Quickstart

Installation

The most recent version of cazy_webscraper can be installed on your local machine using conda or pip. Both methods will install the cazy_webscraper command-line tool, and the Python package cazy_webscraper.

`conda`

conda install cazy_webscraper

`pip`

pip should distribute the latest version of cazy_webscraper, although there may be some minor lag between GitHub releases and pip.

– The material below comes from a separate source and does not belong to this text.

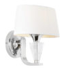 The Fiennes wall is finished in chrome effect with crystal detailing and white fabric shade. This fitting is dimmable and suitable for use with LED lamps. Matching pendant and table lamp also available

pip3 install cazy_webscraper

Tip

cazy_webscraper can also be installed directly from source. More detailed, and alternative installation instructions can be found in the Installation section.

Getting Started Poster

For a quick summary of how to get started, check out our poster:

Hobbs, Emma E. M.; Pritchard, Leighton; Gloster, Tracey M.; Chapman, Sean (2021): cazy_webscraper - getting started. FigShare. Poster. https://doi.org/10.6084/m9.figshare.14370869.v3

Getting Help From cazy_webscraper

To invoke the webscraper and get basic help, call the webscraper at the command line:

cazy_webscraper -h

The default behaviour of the scraper is:

Scrape all entries in the CAZy database
Write the resulting data to STDOUT
Do not retrieve subfamilies (subfamily members will be retrieved but only their parent family be listed)
Do not retrieve FASTA files from GenBank
Do not retrieve protein sequences from PDB

Downloading a CAZy Family

To download the single CAZy family GH169, use the command:

cazy_webscraper <user email> --families GH169 -o GH169

This will create a new directory GH169 in the current working directory, and will download all CAZy entries in the GH169 family to a new SQLite3 database in that directory.

Note

To retrieve data from NCBI cazy_webscraper utilises Entrez, and therefore, a user email address must be provided as this a requirement of Entrez. When downloading CAZyme records from CAZy, cazy_webscraper retrieves the latest taxonomic classification for proteins assigned to multiple taxonomies in NCBI, and thus cazy_webscraper requires an email address.